My favorites that I bring back from India are green mango, thin-skinned lemon and gooseberry. I started making my own achaars from local produce I received in my farmshare when I realized I couldn't really find achaars with that homemade flavor available in stores in the US. I experimented with rhubarb, American gooseberries, garlic and heirloom tomatoes. I ended up serving up these achaars at my cooking classes and pop-up dinners. Seeing how popular they were, my fiancé Ben, who is a food packaging designer, encouraged me to launch my own line and he offered to design the labels. Thus, my Indian condiments line Brooklyn Delhi was born!

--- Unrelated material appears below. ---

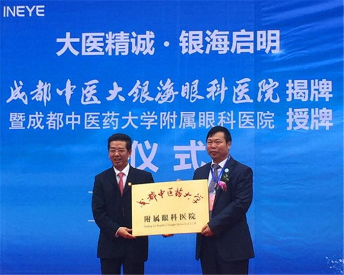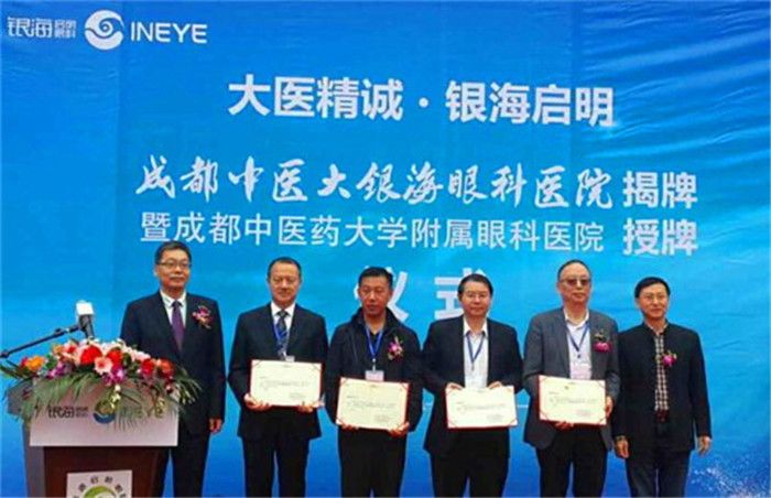 在喜庆的音乐声中,各级领导、院士、著名眼科专家和眼科医院院长共同为“成都中医大银海眼科医院”揭牌。马跃荣代表学校向段俊国授予“beat365平台唯一官网附属眼科医院”院牌。同时,马跃荣、余曙光向新聘任的眼科学院12位专家分别颁发了名誉教授、客座教授、兼职教授等聘书。

I've made my achaar recipes more versatile in flavor than traditional achaars -- which usually have more salt -- so you can use them in a variety of ways: on eggs, on a baguette with cheese, to flavor sautéed vegetables, on burgers and marinades, mixed into soups, or even in a Tarte à la Tomate:

I adapted my friend Brigitte's recipe for her famous Tarte à la Tomate and made it spicy with the addition of my handmade tomato achaar from Brooklyn Delhi. —Chitra Agrawal

What You'll Need
  • For the tart dough:
  • 2 cups all-purpose flour
  • 1/4 teaspoon salt
  • 1 1/2 sticks unsalted butter
  • 1/3 cup ice water (may need a little more if the air is really dry)
  • For the tart filling:
  • 4 tomatoes, sliced
  • 3 tablespoons Brooklyn Delhi tomato achaar (or a spicy mustard or just dijon if you don't have achaar)
  • 1 cup grated cheese (Emmental, Gruyère, and Parmesan -- I've used cheddar too)
  • 1 teaspoon freshly chopped parsley or oregano
  • 1 tablespoon olive oil
  • Fleur de sel
  1. Preheat the oven to 450° F.
  2. Prepare the dough. Combine flour, salt, and butter in a food processor or by hand in a bowl. Add ice water slowly while pulsing in the food processor until it gets clumpy (or gradually by hand). Gather the dough together, being careful not to over-handle it; if it's overworked, it won’t be light and flaky. Cover it in saran wrap and if you have the time, let it rest in the fridge for 20 to 30 minutes (or longer, if you want to prepare the dough ahead of time -- just let it sit at room temp briefly before working with it, to make it easier to roll out).
  3. On a lightly floured surface, roll out your dough to be large enough to cover the bottom of the pan and go up the sides. Add additional flour as you roll to keep it from sticking. When finished, roll the dough around your rolling pin and unroll it onto your tart pan. Press the dough down so it fits snugly into the pan, cutting off excess dough that falls outside the top of the pan.
  4. Prick a few holes in the dough to prevent it from puffing up. Cook it for about 10 min at 450° F or until it begins to brown.
  5. Spread the tomato achaar on the dough. Layer half of the combination of Gruyère, Emmental, and Parmesan cheeses. Then layer your sliced tomatoes and top with another layer of cheese. Cook it for about 20 minutes at 450° F. The crust needs to be “golden to brown” and the cheese should be nice and melted and almost browned and crusty.
  6. Sprinkle the finished tarte with fleur de sel and chopped parsley, and drizzle with olive oil. Serve warm or cold.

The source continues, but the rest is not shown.